_Information supplied_:
====

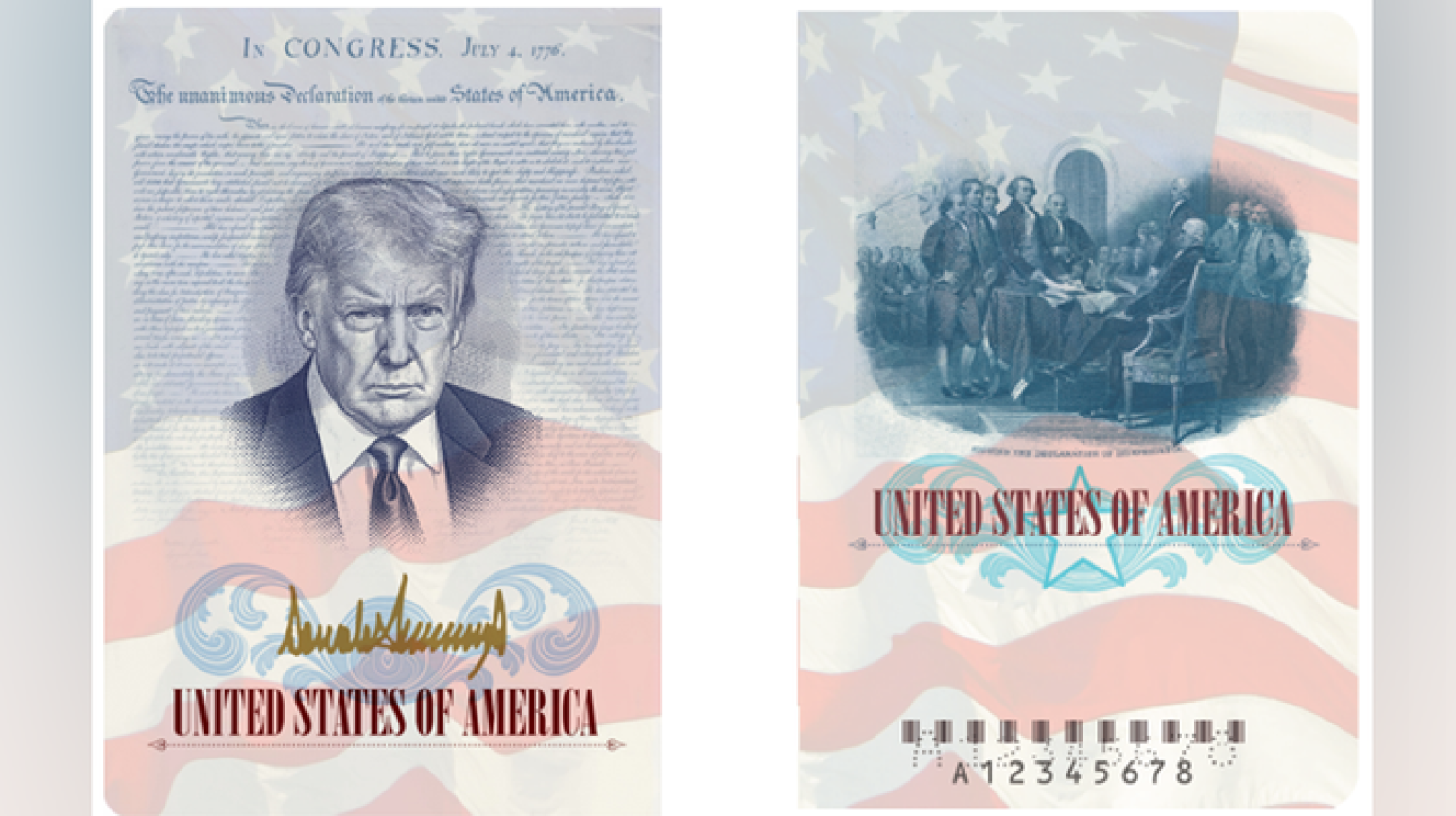 Անձնագրի մակետի վրա, որի օրինակը հայտնվել է հեռուստաալիքի տրամադրության տակ, փաստաթղթի ներքին կողմում Թրամփի դիմանկարը շրջապատված է Անկախության հռչակագրի տեքստով և ԱՄՆ դրոշով։ Մյուս էջում պատկերված է ամերիկացի նկարիչ Ջոն Թրամբուլի «Անկախության հռչակագիրը» կտավը, որը պատկերում է Ամերիկայի հիմնադիր հայրերին։
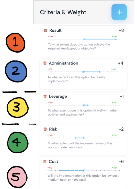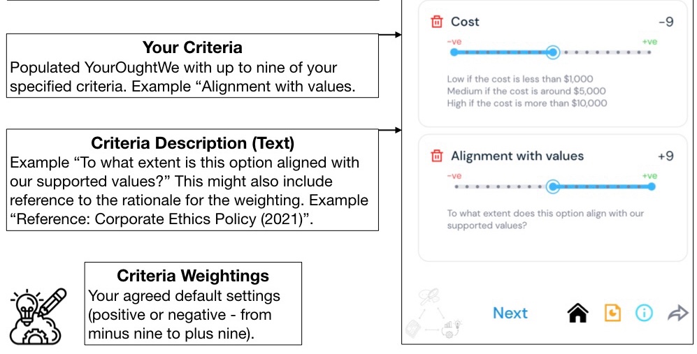 (ii) Criteria Description (Text) – example “To what extent is this option aligned with our supported values?”.
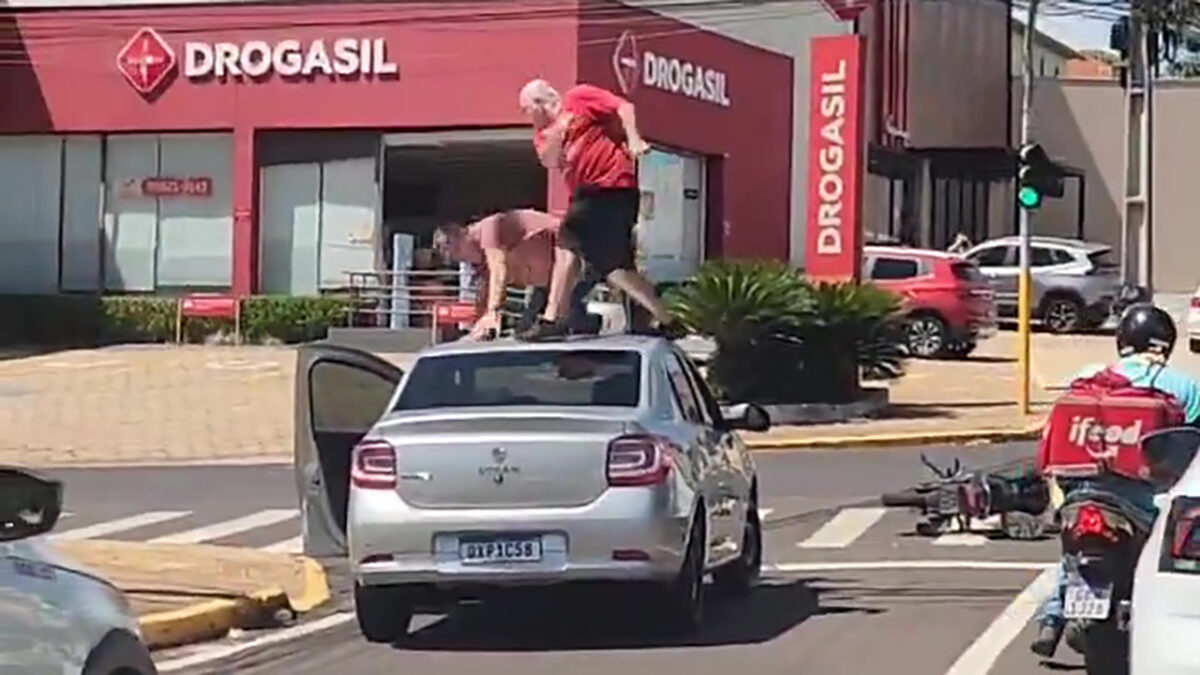 In Presidente Prudente, Brazilië, ging het even helemaal los op een kruispunt. Een 59-jarige automobilist en een 45-jarige motorrijder kregen mot en besloten dat woorden niet genoeg waren; het moest met vuisten opgelost worden. De twee heethoofden waren zo opgefokt dat ze elkaar niet alleen een paar flinke klappen gaven, maar zelfs bovenop de auto klauterden om hun ruzie uit te vechten.

====

_Assignment_:
Leaving every picture out, output the data exactly as it stands.

_Exercise answer_:
 Անձնագրի մակետի վրա, որի օրինակը հայտնվել է հեռուստաալիքի տրամադրության տակ, փաստաթղթի ներքին կողմում Թրամփի դիմանկարը շրջապատված է Անկախության հռչակագրի տեքստով և ԱՄՆ դրոշով։ Մյուս էջում պատկերված է ամերիկացի նկարիչ Ջոն Թրամբուլի «Անկախության հռչակագիրը» կտավը, որը պատկերում է Ամերիկայի հիմնադիր հայրերին։
 (ii) Criteria Description (Text) – example “To what extent is this option aligned with our supported values?”.
 In Presidente Prudente, Brazilië, ging het even helemaal los op een kruispunt. Een 59-jarige automobilist en een 45-jarige motorrijder kregen mot en besloten dat woorden niet genoeg waren; het moest met vuisten opgelost worden. De twee heethoofden waren zo opgefokt dat ze elkaar niet alleen een paar flinke klappen gaven, maar zelfs bovenop de auto klauterden om hun ruzie uit te vechten.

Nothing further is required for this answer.